In the first couple of seasons, the story focused on Captain Jonathan Archer (Scott Bakula), Commander Charles “Trip” Tucker III (Connor Trinneer) and Sub-commander T’Pol (Jolene Blalock). Compared to the Enterprise fans knew, this version of the ship was very low-tech.

For many reasons, the show just didn’t catch on like its predecessors had, with the first two seasons especially being pretty boring. Also, the UPN network didn’t make the show a priority, often bumping new episodes for sporting events and such.

In a recent Galaxy Con Live virtual panel, Trinneer was joined by cast members John Billingsley (Dr. Phlox) and Dominic Keating (Malcolm Reed). They discussed why Enterprise failed, and they didn’t hold back.

“We came on after so many years of Star Trek, and in a number of those years, double-dipping,” Billingsley said. “Deep Space Nine actually overlapped with Voyager, for instance. I think by the time we aired there was fatigue, understandable fatigue. The show did really at least need a year off. I always felt badly for Rick [Berman] and Brannon [Braga] that they weren’t given that time…The bible for the show just needed a little more work.”
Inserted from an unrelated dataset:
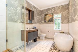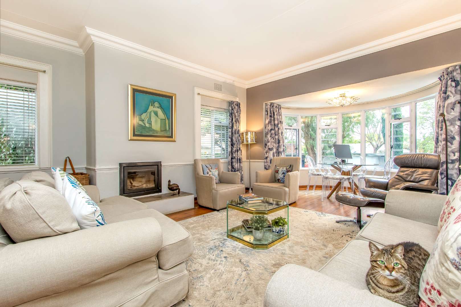 This sun-filled home welcomes you into a pristine, tiled entrance hall, flowing to the elegant lounge with a charming bay window, laminate wood flooring and fitted fire-place. The entire home has brushed aluminum frames and double glazed windows throughout. An expansive dining area with stacking doors between an additional family room/bar area. Double doors opening onto an entertainers deck with roller blinds, overlooking a beautifully maintained and well established garden with an inviting swimming pool.

"I think the notions were strong and I think with the character development they had some clarity. But in terms of an arc for the first season, I think the Suliban wasn’t quite as thought through as it maybe needed to be. I think there was a little bit more work needed on what the tonal balance was between the darkness of we are the first fucking ship and we don’t know what the fuck we are doing and the nature of what Star Trek is supposed to be, the optimistic spirit… It is a hard tone to strike for what they were trying to do."

The show never really found its footing, and it felt like the stories were dumbed down or changed around to be more family-friendly. “And the studio itself also needed to kind of grapple with what they wanted to achieve,” Billingsley continued. “I remember there was an early episode where a crew member is transported and they come back. And in the first draft… it was pretty cool because this guy comes back and his head is where his ass is supposed to be and [flails around] ‘what the fuck!’ and we are afraid of the transporter.”
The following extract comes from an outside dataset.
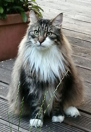 Whisky hatte schon ein bewegtes Leben hinter sich: Er wurde von einer Frau aus Kroatien mitgebracht. Sie wollte ihn als Zweitkatze zu ihrem vorhandenen Kater. Aber der wollte keine fremden Götter neben sich haben. So kam er als Alleinkatze zu einem jungen Mann, der leider kurze Zeit später an Krebs verstarb. Da war Whisky schon 13 Jahre alt und sollte ins Tierheim. Als sein jetziges Frauchen davon erfuhr, ließ sie das nicht zu und nahm Whisky auf.

"By the time it emerges and we are shooting it, the guy comes back from the transporter accident and he has got a little twig sticking out of his forehead. And that to me early on crystalized where I think the timidity of the network actually fucked us. To me there was another level of scariness that the show wanted to move towards, and I felt that the powers that be said, ‘But, but, but.’"
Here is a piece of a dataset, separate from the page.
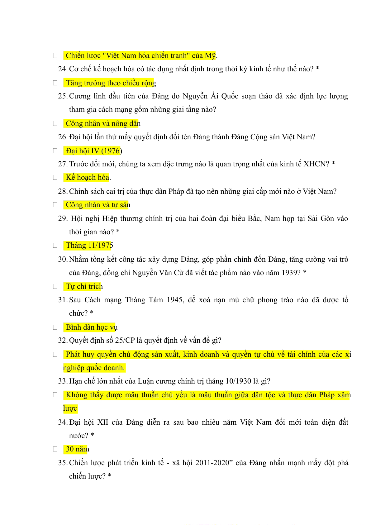 34. Đại hội XII của Đảng diễn ra sau bao nhiêu năm Việt Nam đổi mới toàn diện đất nước? * 30 năm

Billingsley also talks about Manny Coto who, became a showrunner in season 4. “For Manny, I think there was a sense of joyousness of, ‘Oh boy, I get to write Star Trek!’ He was a lover and appreciator of the first series. A lot of the Mirror Universe, the how did the Klingons get their new faces, a lot of those love-letter episodes in the third and fourth seasons came about because Manny was deeply enamored with Star Trek.”

The problem with the new Klingon faces was that The Next Generation showed them with ridges, while the Original Series Klingons had none…they were smooth-faced. When Discovery came along, it went with ridges, so there was an inconsistency in how that alien species was depicted.

Klingons aside, the three amigos couldn’t seem to come to a unanimous decision on their feelings about visiting the Mirror Universe. “I did not like [the Mirror Universe episodes],” chimed in Trinneer. “I thought it was pandering.”

“They were good fun, John,” replied Keating.

“I don’t know. There are a few episodes I adored,” said Billingsley. “There are some episodes in the third and fourth season that I thought were a little too meta.”

No matter who or what you choose to blame for the failure of Star Trek: Enterprise, there’s little debate that it was something of a failure. When it was canceled in 2005, there wasn’t a new Star Trek television show until CBS All Access released Discovery season 1 in 2017.